__What is required__
When the line with "Judges 1:29 Neither" appears below, start repeating lines exactly, and keep going through the line with "インド人ゲストの多いシンガポ"; add nothing outside that span.

__Dataset records__
#####

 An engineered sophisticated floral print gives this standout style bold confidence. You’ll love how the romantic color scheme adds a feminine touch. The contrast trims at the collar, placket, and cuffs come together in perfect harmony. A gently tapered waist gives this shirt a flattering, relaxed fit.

#####

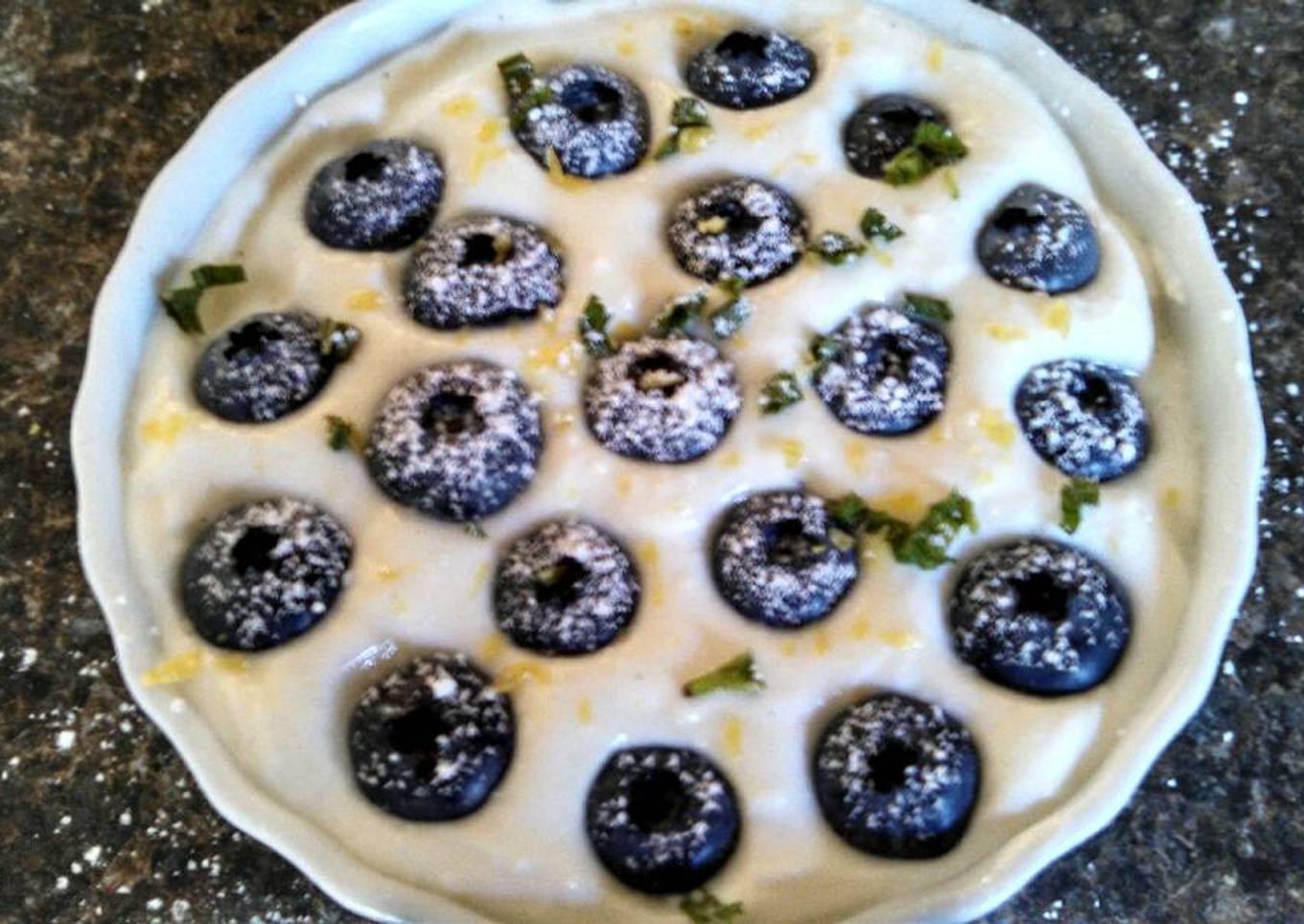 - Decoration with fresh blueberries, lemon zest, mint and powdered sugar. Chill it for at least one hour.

#####

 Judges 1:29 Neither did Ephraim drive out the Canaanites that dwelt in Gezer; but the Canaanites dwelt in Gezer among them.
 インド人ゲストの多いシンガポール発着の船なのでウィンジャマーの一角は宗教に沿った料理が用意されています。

#####

__Answer to this problem__
 Judges 1:29 Neither did Ephraim drive out the Canaanites that dwelt in Gezer; but the Canaanites dwelt in Gezer among them.
 インド人ゲストの多いシンガポール発着の船なのでウィンジャマーの一角は宗教に沿った料理が用意されています。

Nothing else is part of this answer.